→ What the exercise asks:
Pictures in the data below are not part of the copy; transcribe everything else exactly.

→ Available data:
========================================
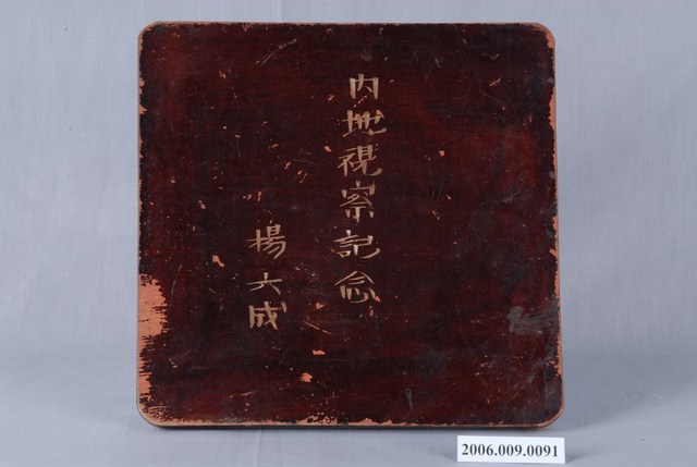 1.本件以單塊木頭刨削雕磨出一體成形的正方形漆盤。盤中雕鑿出正圓形的凹面,凹面中以線刻雕出「奈良」、兩隻鹿、塔寺建築等圖像與字樣,呈現該件物品所要表現的紀念意涵;圓形凹面四周有淺浮雕的花做裝飾。漆盤背面以線刻雕出「內地視察記念」、「楊大成」等字樣,說明製作此漆盤的用意和製作者。整體塗以棕色漆,因年代久遠,盤面體正面與背面周緣皆有些微磨損,背面些許汙漬,然整體保存狀況堪稱良好。2.此件背面雕刻有「內地」兩字,再加上正面的「奈良」字樣,可確知製作的年代為日本殖民統治時期;此外,從線雕構圖來看,推測應是呈現日本奈良福興寺五重塔的樣貌。
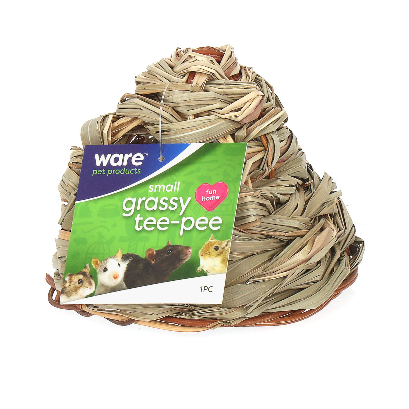 Q: What animals can use the Ware Farmers Market Small Animal Grassy Tee Pee?A: The Ware Farmers Market Small Animal Grassy Tee Pee is ideal for small animals such as guinea pigs, hamsters, and other small pets. Its cozy design provides a perfect hideaway for your furry friends.
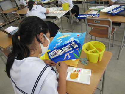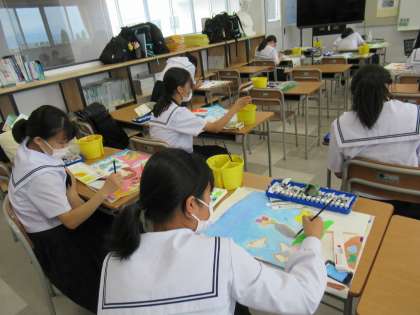 美術部は、出品用の作品の制作に夢中です。
========================================
→ Written answer:
 1.本件以單塊木頭刨削雕磨出一體成形的正方形漆盤。盤中雕鑿出正圓形的凹面,凹面中以線刻雕出「奈良」、兩隻鹿、塔寺建築等圖像與字樣,呈現該件物品所要表現的紀念意涵;圓形凹面四周有淺浮雕的花做裝飾。漆盤背面以線刻雕出「內地視察記念」、「楊大成」等字樣,說明製作此漆盤的用意和製作者。整體塗以棕色漆,因年代久遠,盤面體正面與背面周緣皆有些微磨損,背面些許汙漬,然整體保存狀況堪稱良好。2.此件背面雕刻有「內地」兩字,再加上正面的「奈良」字樣,可確知製作的年代為日本殖民統治時期;此外,從線雕構圖來看,推測應是呈現日本奈良福興寺五重塔的樣貌。
 Q: What animals can use the Ware Farmers Market Small Animal Grassy Tee Pee?A: The Ware Farmers Market Small Animal Grassy Tee Pee is ideal for small animals such as guinea pigs, hamsters, and other small pets. Its cozy design provides a perfect hideaway for your furry friends.
 美術部は、出品用の作品の制作に夢中です。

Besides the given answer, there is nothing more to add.